We also tested with the block-clone-tool from Veeam and the results are very bad at the moment. The virtual repos with server 2016 are about 7 times faster with this tool.

mkretzer
Expert
Posts: 675
Liked: 156 times
Joined: Dec 17, 2015 7:17 am
Contact:

Re: Windows 2019, large REFS and deletes

Post by mkretzer »

I still suspect 10a. I hope i am finally able to upload the 16 GB of logs i collected today....

PeterStam
Influencer
Posts: 13
Liked: 1 time
Joined: Feb 25, 2015 1:49 pm
Full Name: Peter Stam
Contact:

Re: Windows 2019, large REFS and deletes

Post by PeterStam »

When running block-clone-spd.exe (test) tool we noticed that the ‘modified’ memory (orange bar in resource monitor) is exponentially growing. The tool writes 2 files and then performs a block clone to ‘merge’ the 2 files into a new file. During this merge the modified memory is slowly dropped because it write the memory to disk. During this process the disk totally freezes. We can’t even create a folder onto the disk where the test is running against (explorer turns white).
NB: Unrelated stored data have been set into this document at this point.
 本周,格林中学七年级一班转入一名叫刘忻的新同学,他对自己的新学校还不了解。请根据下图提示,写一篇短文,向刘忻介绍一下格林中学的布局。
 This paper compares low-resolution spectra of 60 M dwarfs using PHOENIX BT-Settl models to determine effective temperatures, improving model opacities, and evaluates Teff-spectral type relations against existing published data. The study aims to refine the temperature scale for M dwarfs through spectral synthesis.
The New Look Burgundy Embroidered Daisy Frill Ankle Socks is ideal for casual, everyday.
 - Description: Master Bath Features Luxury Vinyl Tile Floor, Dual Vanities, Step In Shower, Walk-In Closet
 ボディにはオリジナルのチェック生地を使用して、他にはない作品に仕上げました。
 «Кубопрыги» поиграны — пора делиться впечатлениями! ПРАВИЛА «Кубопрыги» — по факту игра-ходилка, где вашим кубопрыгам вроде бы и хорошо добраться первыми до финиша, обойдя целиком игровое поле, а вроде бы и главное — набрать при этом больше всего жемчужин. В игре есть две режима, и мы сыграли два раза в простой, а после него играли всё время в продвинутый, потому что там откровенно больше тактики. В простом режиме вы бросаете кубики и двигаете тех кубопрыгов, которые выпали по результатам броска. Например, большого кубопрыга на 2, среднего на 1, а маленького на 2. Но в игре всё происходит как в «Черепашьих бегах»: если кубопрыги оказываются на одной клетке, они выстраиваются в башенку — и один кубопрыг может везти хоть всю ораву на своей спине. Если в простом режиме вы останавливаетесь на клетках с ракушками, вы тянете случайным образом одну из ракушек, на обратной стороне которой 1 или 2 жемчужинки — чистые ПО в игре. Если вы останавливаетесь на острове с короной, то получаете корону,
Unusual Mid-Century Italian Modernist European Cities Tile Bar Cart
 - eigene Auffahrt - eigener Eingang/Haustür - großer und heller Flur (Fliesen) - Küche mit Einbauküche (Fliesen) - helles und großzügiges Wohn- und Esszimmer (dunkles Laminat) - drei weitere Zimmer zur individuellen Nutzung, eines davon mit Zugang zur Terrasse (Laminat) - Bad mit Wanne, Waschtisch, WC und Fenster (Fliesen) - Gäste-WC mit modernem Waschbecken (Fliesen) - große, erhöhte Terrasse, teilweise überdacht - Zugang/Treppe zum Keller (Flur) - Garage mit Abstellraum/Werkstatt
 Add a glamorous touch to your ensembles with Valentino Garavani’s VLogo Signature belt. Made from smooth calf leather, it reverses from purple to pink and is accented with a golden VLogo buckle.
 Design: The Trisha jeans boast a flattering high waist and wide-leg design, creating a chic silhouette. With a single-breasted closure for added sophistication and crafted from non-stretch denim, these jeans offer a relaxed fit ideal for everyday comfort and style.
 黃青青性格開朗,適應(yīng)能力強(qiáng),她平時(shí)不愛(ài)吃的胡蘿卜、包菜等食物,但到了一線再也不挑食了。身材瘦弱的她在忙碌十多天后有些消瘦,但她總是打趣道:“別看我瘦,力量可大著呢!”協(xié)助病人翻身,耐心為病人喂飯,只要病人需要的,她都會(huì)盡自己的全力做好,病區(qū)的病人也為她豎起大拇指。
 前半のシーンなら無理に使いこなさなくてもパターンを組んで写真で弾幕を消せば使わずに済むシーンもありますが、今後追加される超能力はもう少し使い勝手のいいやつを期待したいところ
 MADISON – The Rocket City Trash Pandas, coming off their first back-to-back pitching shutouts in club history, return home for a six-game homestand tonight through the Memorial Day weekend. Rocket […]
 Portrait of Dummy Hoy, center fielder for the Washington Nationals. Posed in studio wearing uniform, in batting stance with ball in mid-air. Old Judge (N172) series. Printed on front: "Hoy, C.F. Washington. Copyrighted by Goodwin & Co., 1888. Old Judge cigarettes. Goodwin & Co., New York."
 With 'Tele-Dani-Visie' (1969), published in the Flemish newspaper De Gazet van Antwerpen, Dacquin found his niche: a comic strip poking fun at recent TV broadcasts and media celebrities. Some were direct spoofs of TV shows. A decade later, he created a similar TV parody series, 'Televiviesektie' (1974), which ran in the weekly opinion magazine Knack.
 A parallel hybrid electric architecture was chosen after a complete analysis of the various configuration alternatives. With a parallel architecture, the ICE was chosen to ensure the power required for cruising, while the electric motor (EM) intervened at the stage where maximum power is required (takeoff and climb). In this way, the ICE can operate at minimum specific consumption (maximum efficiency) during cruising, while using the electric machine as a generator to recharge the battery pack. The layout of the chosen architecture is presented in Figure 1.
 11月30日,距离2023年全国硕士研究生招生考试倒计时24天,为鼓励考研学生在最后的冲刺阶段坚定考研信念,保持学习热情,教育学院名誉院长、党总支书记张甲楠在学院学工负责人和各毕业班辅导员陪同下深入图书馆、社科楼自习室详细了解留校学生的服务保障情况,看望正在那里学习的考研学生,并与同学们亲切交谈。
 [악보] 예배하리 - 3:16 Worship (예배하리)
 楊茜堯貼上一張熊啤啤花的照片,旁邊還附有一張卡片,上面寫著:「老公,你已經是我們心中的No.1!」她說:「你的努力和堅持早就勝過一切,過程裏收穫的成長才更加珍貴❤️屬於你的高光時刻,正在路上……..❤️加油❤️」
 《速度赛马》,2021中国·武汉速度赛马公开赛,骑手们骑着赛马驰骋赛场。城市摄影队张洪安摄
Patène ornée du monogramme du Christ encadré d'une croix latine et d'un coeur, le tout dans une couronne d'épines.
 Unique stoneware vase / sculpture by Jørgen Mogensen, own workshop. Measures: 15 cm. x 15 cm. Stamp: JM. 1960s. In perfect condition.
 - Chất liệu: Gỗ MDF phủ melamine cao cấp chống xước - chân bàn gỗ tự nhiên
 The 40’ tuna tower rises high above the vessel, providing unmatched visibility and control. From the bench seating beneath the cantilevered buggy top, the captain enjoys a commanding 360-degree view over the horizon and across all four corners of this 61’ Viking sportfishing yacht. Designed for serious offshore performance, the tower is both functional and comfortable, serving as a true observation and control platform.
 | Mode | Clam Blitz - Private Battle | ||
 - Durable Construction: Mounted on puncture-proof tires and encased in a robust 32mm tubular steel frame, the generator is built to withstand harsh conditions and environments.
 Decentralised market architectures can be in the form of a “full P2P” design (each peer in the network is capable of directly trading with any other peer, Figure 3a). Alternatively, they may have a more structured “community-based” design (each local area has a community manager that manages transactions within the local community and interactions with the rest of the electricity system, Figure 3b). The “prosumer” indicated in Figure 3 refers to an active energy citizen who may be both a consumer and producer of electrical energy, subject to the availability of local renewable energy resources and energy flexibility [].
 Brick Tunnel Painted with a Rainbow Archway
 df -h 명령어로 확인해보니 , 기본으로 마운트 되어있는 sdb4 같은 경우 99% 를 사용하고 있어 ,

When the modified memory is released everything is suddenly responsive again. Strange thing is that the test finishes…

We had another physical server with other specs (cpu, mem, array controller different) and installed the same Windows 2019 DataCenter build 1809 17763.1397, same ReFS version 10.0.17763.1369. This server has exactly the same issue.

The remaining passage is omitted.